### WHAT IS EXPECTED
Ignore the pictures in the data below and set down exactly the lines from its first line through the line containing "MORELIA, MICH.- La".

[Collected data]
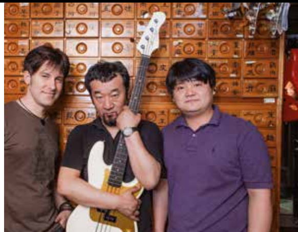
78 /// Moollon Basses
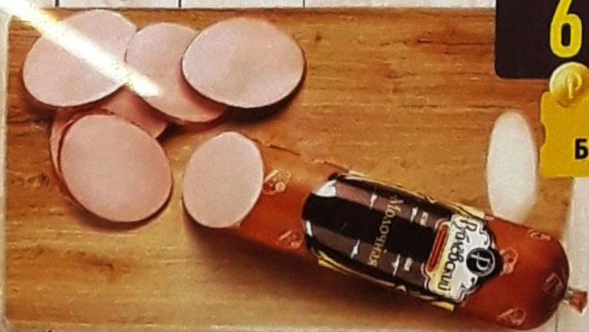
КОЛБАСА «МОЛОЧНАЯ» варёная, в белкозине
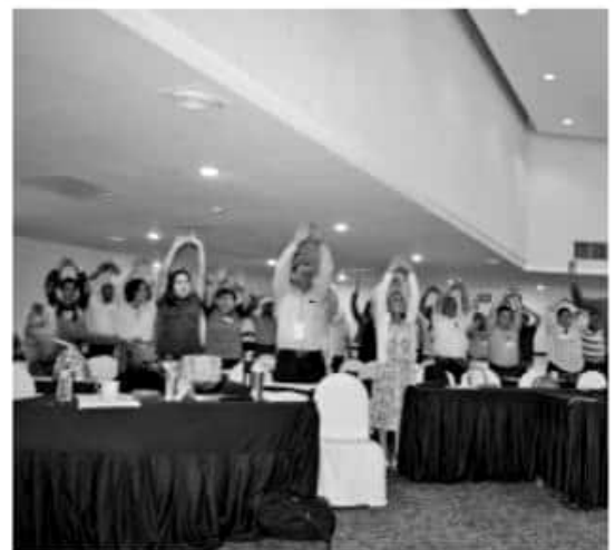
MORELIA, MICH.- La Secretaría de Salud de Michoacán (SSM), realiza la "Tercera Reunión Anual de Vigilancia Epidemiológica", a concluir mañana en esta capital michoacana.

Asimismo, se cumple con los parámetros de calidad de capacitación continua al personal adscrito a la institución, donde se les brindan las herramientas necesarias para mejorar el desarrollo de su labor diaria, logrando así mejores servicios de salud a los usuarios.
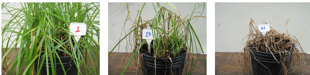
Figura 02 – Aspectos da plantas de Cyperus rotundus nos tratamentos (i) sem aplicação do glifosato, (ii) sem aplicação do fitoregulador e (iii) com aplicação do fitoregulador dois dias antes da aplicação do herbicida.

Na Tabela 7 estão apresentados os resultados das análises de variância dos dados referentes ao número e biomassa seca de tubérculos de tiririca por vaso e teste da viabilidade dos mesmos pelo teste do Tetrazólio. Apenas foram verificados efeitos de doses do glifosato, sem qualquer influência significativa da aplicação do ácido giberélico em qualquer época.

### RESPONSE TO THE EXERCISE
78 /// Moollon Basses
КОЛБАСА «МОЛОЧНАЯ» варёная, в белкозине
MORELIA, MICH.- La Secretaría de Salud de Michoacán (SSM), realiza la "Tercera Reunión Anual de Vigilancia Epidemiológica", a concluir mañana en esta capital michoacana.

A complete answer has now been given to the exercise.